15.1 Bestemmingsomschrijving
De voor 'recreatie-recreatiewoning' aangewezen gronden zijn bestemd voor zomerhuizen.
15.2 Bouwregels
a. Voor het bouwen van gebouwen gelden de volgende regels:
1. het aantal zomerhuizen bedraagt ten hoogste het bestaande aantal;
2. de gebouwen worden uitsluitend binnen een bouwvlak gebouwd;
3. de bouw- en goothoogte van de zomerhuizen bedraagt niet meer dan 6 m en 3 m;
4. de inhoud bedraagt, inclusief eventuele ondergrondse (kelder)ruimten, niet meer dan 300 m³;
5. aan- en uitbouwen mogen buiten het bouwvlak worden gebouwd tot ten hoogste 10% van het vloeroppervlak van het bouwvlak.
b. Voor het bouwen van bouwwerken, geen gebouwen zijnde, geldt dat de bouwhoogte niet meer dan 3 m bedraagt.
15.3 Afwijking van de bouwregels
Burgemeester en wethouders kunnen, mits geen onevenredige aantasting plaatsvindt van:
- de gebruiksmogelijkheden van aangrenzende gronden;
- het straat- en bebouwingsbeeld;
middels een Omgevingsvergunning afwijken van het bepaalde in:
a. lid 15.2, sub a, onder 2:
voor de bouw van maximaal één vrijstaand tuinhuisje bij een zomerhuis met een maximum inhoud van 25 m³.

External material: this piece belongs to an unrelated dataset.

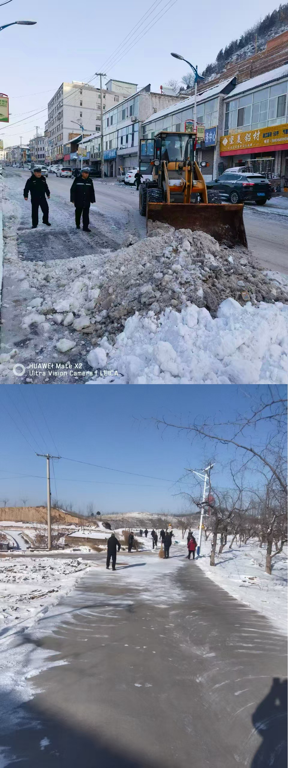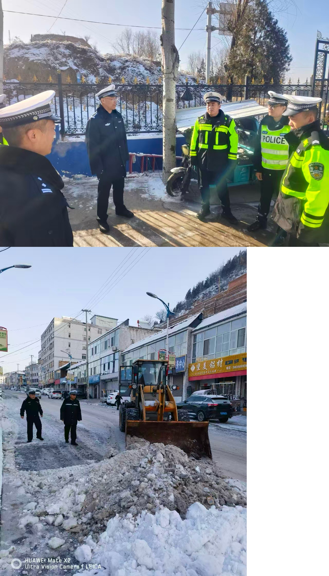 在这场与风雪的较量中,临县公安交警多点发力、多措并举,构建起全方位的安全防护网。一是领导带头,实地督导。县公安局局领导、交管大队大队长王宏金、交管大队教导员秦文明带领班子成员兵分两路,深入全县国省道、县乡道路一线,实地查看路面积雪结冰情况,现场督导铲雪除冰、路面防控、安全防护等工作,确保各项措施落地见效。二是联动乡镇,全民参与。各辖区交警中队主动对接乡镇党委、政府,广泛动员群众、志愿者参与县乡道路积雪清扫,同时联合劝导员在路口、村口开展安全宣传与出行劝导,提醒群众谨慎驾驶、安全通行。三是跨部门协作,高效除患。主动联系公路、交通运输、应急管理等部门,整合铲雪车、撒盐车等机械设备,开展联合铲雪除冰作业,对陡坡、急弯、桥梁等易结冰路段重点处置,坚决清除路面安全隐患。四是精准预警,科学引导。通过微信公众号、抖音、本地媒体平台等渠道,持续发布实时路况信息、雪天行车安全提示及绕行建议,引导群众合理规划出行路线,避免前往危险路段,最大限度减少交通事故风险。

15.4 Specifieke gebruiksregels
Als gebruik in strijd met de bestemmingsomschrijving wordt in elk geval begrepen het gebruik van een zomerhuis voor permanente bewoning en de vanaf de omliggende gronden en opstallen zichtbare opslag en stalling van goederen op erven.